Oz Minerals surged more than 17% after the shareholders of the company approved a proposals to sell its assets to China MinMetals Corp. Mincor Resources gained 2.99% following the rise in zinc prices in the International market.
Mining stocks, however, ended mixed on profit taking. BHP Billiton, the world's largest mining company, declined 0.60%, while rival company Rio Tinto managed to end in positive territory with a marginal gain of 0.19%.
Gold stocks also ended mixed amid profit taking. While Lihir Gold shed 1.0%, Sino Gold ended in positive territory with a marginal gain of 0.50%. Newcrest Mining ended unchanged from its previous close amid volatile trading.
In the oil space, Woodside Petroleum edged up 0.07%, Santos declined sharply by 2.99% and Oil Search fell 2.13%.
Among financial stocks, ANZ Bank gained 2.49%, Commonwealth Bank added 0.96%, and Westpac Banking rose 0.91%. National Australia Bank ended the day unchanged from its previous close amid profit trading.
In Hong Kong, the Hang Seng Index opened sharply higher at 19,035 compared to its previous close of 18,791, and briefly continued to rise to as high as 19162, on positive cues from Wall Street. However, profit taking at higher levels amid valuation concerns dragged down the indices to below the unchanged line in afternoon session. Positive economic data from mainland China helped markets stage a recovery led by china-related stocks and the index finally ended with a gain of 98.65 points, or 0.52%, at 18,890.
Retailer Li & Fung soared more than 6% after retail sales in the U.S rose 0.5% in May. Li & Fung is the major supplier of retail goods to U.S. Retailers including Wal-Mart and Target.
Among resource stocks, Aluminum Corp. of China, or CHALCO, gained 3.45% on higher metal prices.
Mixed trading was witnessed among the property stocks. New World Development gained 2.05%, Sino Land advanced 2.52% and Hang Lung Property added 1.96%.

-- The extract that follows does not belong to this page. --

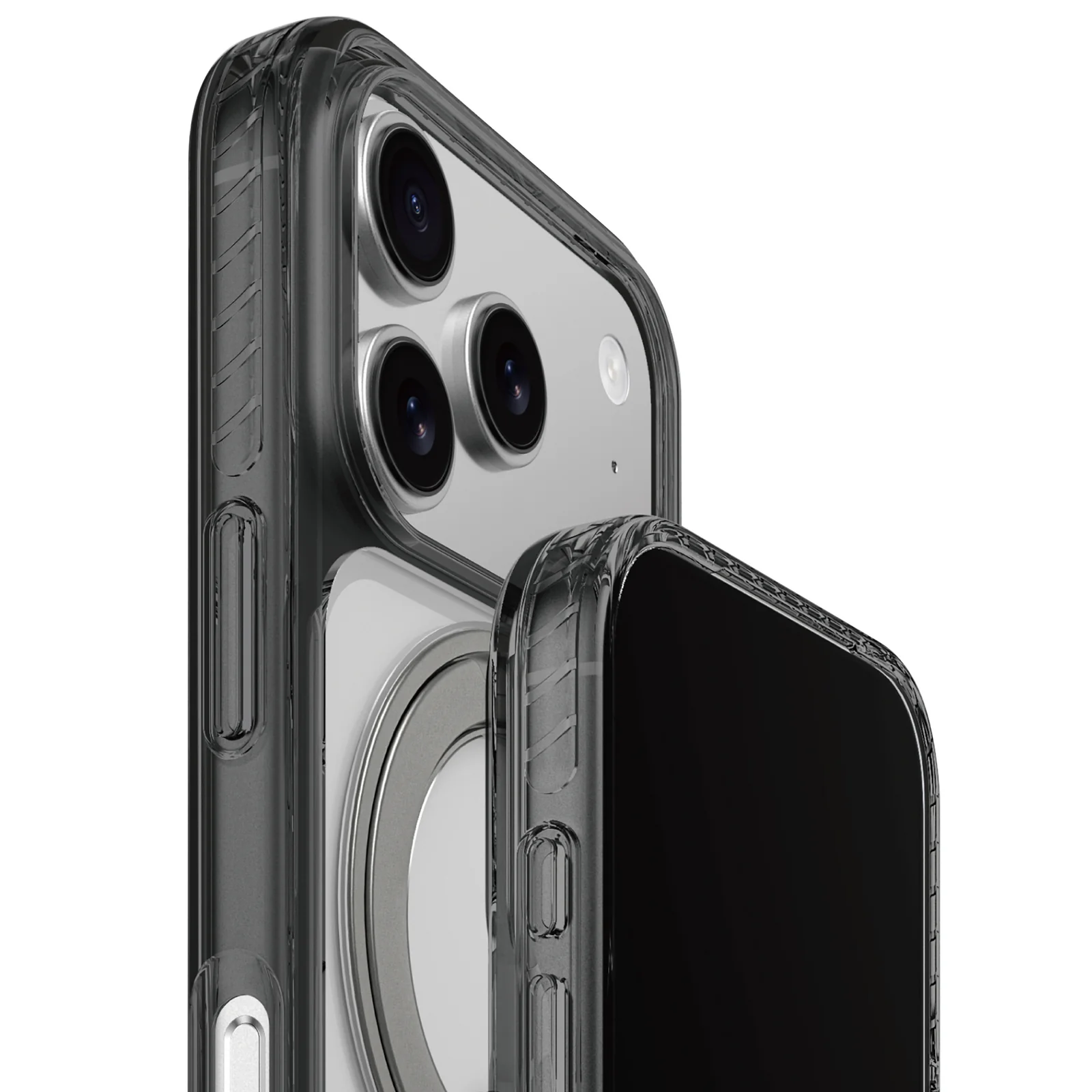Titan Pro MagSpin is a practical case built for everyday use. With reinforced corners and X-CUSHION PRO 7 cushions, it defends against drops up to 12 feet. Anti-yellowing TPU maintains lasting clarity, while a built-in 360° magnetic ring stand offers smooth rotation, stable grip, and MagSafe support.X-CUSHION PRO 7 cushions are embedded along both sides of the case, working with reinforced corners to absorb and redirect impact from every angle. Drop-tested to 12 feet, this structure delivers dependable protection while staying slim and comfortable in the hand.Made from high-quality TPU with anti-yellowing properties, the case resists discoloration from UV and oxidation. The material remains crystal clear over time, preserving the original look of your phone and maintaining a polished, like-new appearance through daily use.The built-in ring rotates smoothly in all directions, allowing for hands-free viewing in both vertical and horizontal positions. It supports MagSafe compatibility for secure mounting and folds flat when not in use, adding grip and function without extra bulk.A carefully raised frame surrounds the camera area to keep lenses lifted away from flat surfaces. This subtle elevation helps reduce scratches and smudges from everyday placement, providing extra durability without disrupting the clean, minimalist back design.

Among financials, HSBC Holdings gained 3.45%, China Construction Bank rose 2.93% and Industrial and Commercial Bank of China advanced 2.35%.
In South Korea, the benchmark KOSPI Index ended in positive territory, on positive cues from Wall Street, amid volatile trading. S after traders preferred to lock in gains in early trading ahead of the weekend. After opening strongly higher at 1,429 compared to previous close at 1,419, the market continued to drift downward on profit taking. However, elective buying in large-cap stocks by institutional investors helped lift the market above the unchanged line in late trading. The Kospi Index ended with a gain of 0.65% or 9.20 points at 1,429.
Chip giant Hynix Semiconductor rose 0.39% and South Korean electronics giant LG Electronics gained 2.08%. The country's leading steelmaker POSCO advanced 3.22% percent amid the news of rises in steel prices in China and the U.S.
In India, the stock market ended in the negative territory, despite unexpected production data, on profit taking after the markets rallied sharply in recent sessions.
The BSE Sensex lost 173.53 points or 1.13% to close at 15,238, and the broader Nifty Index shed 1.17% or 54.30 points, to close at 4,583.
Among the other major markets in the region, China's Shanghai Composite Index ended lower by 53.56 points or 1.91% at 2,744., Strait Times Index in Singapore lost 4.74 points or 0.20% to close at 2,377, and Taiwan Weighted Index slipped 1.81% or 119.14 points to close 6,448. Indonesia's Jakarta Composite Index, however, ended in positive territory with a gain of 1.36 points, or 0.06%, at 2,091.